▶ [ACTIVITY]: Make an exact copy of the entries below, with all images left out.

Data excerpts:
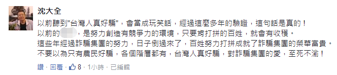 而在心疼之余,也有人認為,這些選民是“自作自受”,賴清德的臺南市長,蔡英文的臺灣地區領導人,不都是源自他們對“詐騙集團”至死不渝的愛么……
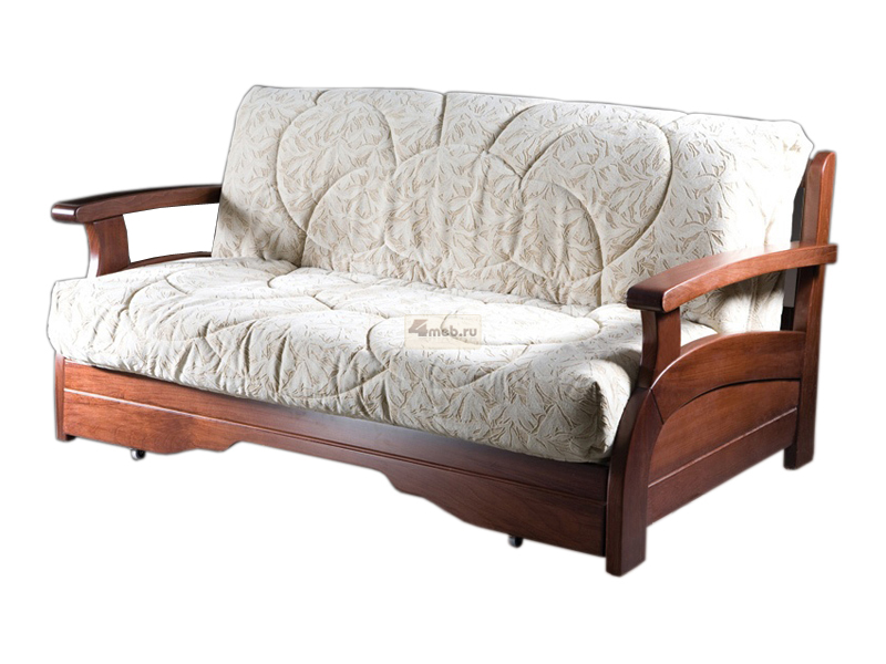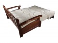Диван-аккордеон Лотос с деревянными подлокотниками имеет довольно большие габариты, однако он может удачно вписаться и в интерьер небольшой комнаты. Под сиденьем у данной модели мебели находится отделение для хранения постельного белья, а вот у дивана Люкс ящик для белья отсутствует.
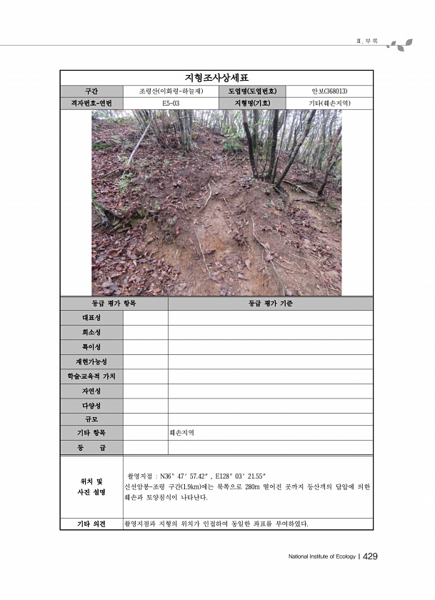Ⅲ. 부 록 National Institute of EcologyⅠ429 지형조사상세표 구간 조령산 이화령-하늘재 도엽명 도엽번호 안보 368013 격자번호-연번 E5-03 지형명 기호 기타 훼손지역 등급 평가 항목 등급 평가 기준 대표성 희소성 특이성 재현가능성 학술?교육적 가치 자연성 다양성 규모 기타 항목 훼손지역 등 급 위치 및 사진 설명 촬영지점 N36° 47′ 57.42″ , E128° 03′ 21.55″ 신선암봉조령 구간 1.9km 에는 북쪽으로 280m 떨어진 곳까지 등산객의 답압에 의한 훼손과 토양침식이 나타난다. 기타 의견 촬영지점과 지형의 위치가 인접하여 동일한 좌표를부여하였다.
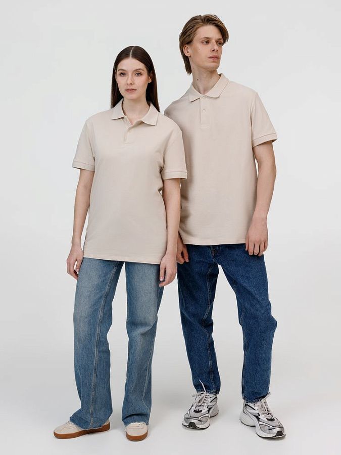 Рубашка поло унисекс Pulse, бежевая (льняная) под нанесение
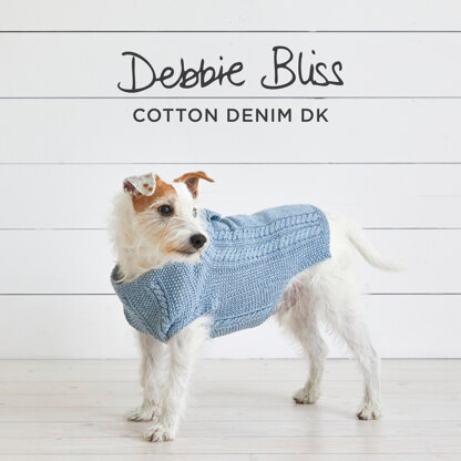 Download the PDF pattern for Denim Coat - Dog jumper Knitting Pattern For Pets in Debbie Bliss Cotton Denim DK by Debbie Bliss & start knitting today!
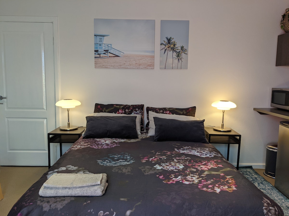 Take it easy at this unique and tranquil getaway. Guests have their own entrance to the downstairs Studio and your hosts live on the premises above ( You may hear the occasional footsteps !) Close to the bus and train or a 12 minute walk to the beach. Shared access to a beautiful garden where you can enjoy your morning coffee. An abundance of shops cafes and restaurants are within walking distance. Both the Regis Aged Care facility and the Guildhall Wedding venue are a few short minutes away.
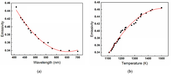 Above all, the emissivity calculation model (ECM) was built to reduce the temperature detection error. The relationship and equation between the wavelength and emissivity of lower alloy steel under 1147 K are shown in Figure 1a and Equation (1), respectively, whereas the temperature and emissivity of lower alloy steel under a 665 nm wavelength are shown in Figure 1b, and the equation is derived as Equation (2). The two equations about emissivity with the wavelength and temperature are only in the separate condition, which is not suitable for high rail steel plates, where it is essential to built and fusion model including wavelength and temperature. The ε_λ (655 nm) is 0.3408 and ε_T (1147 K) is 0.3568 under the respective conditions, so the relative error δ (λ ~ T) is 4.48%. To verify the general formula of Equation (1) to other wavelengths, it seems that those two parameters have a strong correlation, indicating that Equation (1) could be applied in other ranges of the wavelength.

▶ [COMPLETED EXERCISE]:
 而在心疼之余,也有人認為,這些選民是“自作自受”,賴清德的臺南市長,蔡英文的臺灣地區領導人,不都是源自他們對“詐騙集團”至死不渝的愛么……
Диван-аккордеон Лотос с деревянными подлокотниками имеет довольно большие габариты, однако он может удачно вписаться и в интерьер небольшой комнаты. Под сиденьем у данной модели мебели находится отделение для хранения постельного белья, а вот у дивана Люкс ящик для белья отсутствует.
Ⅲ. 부 록 National Institute of EcologyⅠ429 지형조사상세표 구간 조령산 이화령-하늘재 도엽명 도엽번호 안보 368013 격자번호-연번 E5-03 지형명 기호 기타 훼손지역 등급 평가 항목 등급 평가 기준 대표성 희소성 특이성 재현가능성 학술?교육적 가치 자연성 다양성 규모 기타 항목 훼손지역 등 급 위치 및 사진 설명 촬영지점 N36° 47′ 57.42″ , E128° 03′ 21.55″ 신선암봉조령 구간 1.9km 에는 북쪽으로 280m 떨어진 곳까지 등산객의 답압에 의한 훼손과 토양침식이 나타난다. 기타 의견 촬영지점과 지형의 위치가 인접하여 동일한 좌표를부여하였다.
 Рубашка поло унисекс Pulse, бежевая (льняная) под нанесение
 Download the PDF pattern for Denim Coat - Dog jumper Knitting Pattern For Pets in Debbie Bliss Cotton Denim DK by Debbie Bliss & start knitting today!
 Take it easy at this unique and tranquil getaway. Guests have their own entrance to the downstairs Studio and your hosts live on the premises above ( You may hear the occasional footsteps !) Close to the bus and train or a 12 minute walk to the beach. Shared access to a beautiful garden where you can enjoy your morning coffee. An abundance of shops cafes and restaurants are within walking distance. Both the Regis Aged Care facility and the Guildhall Wedding venue are a few short minutes away.
 Above all, the emissivity calculation model (ECM) was built to reduce the temperature detection error. The relationship and equation between the wavelength and emissivity of lower alloy steel under 1147 K are shown in Figure 1a and Equation (1), respectively, whereas the temperature and emissivity of lower alloy steel under a 665 nm wavelength are shown in Figure 1b, and the equation is derived as Equation (2). The two equations about emissivity with the wavelength and temperature are only in the separate condition, which is not suitable for high rail steel plates, where it is essential to built and fusion model including wavelength and temperature. The ε_λ (655 nm) is 0.3408 and ε_T (1147 K) is 0.3568 under the respective conditions, so the relative error δ (λ ~ T) is 4.48%. To verify the general formula of Equation (1) to other wavelengths, it seems that those two parameters have a strong correlation, indicating that Equation (1) could be applied in other ranges of the wavelength.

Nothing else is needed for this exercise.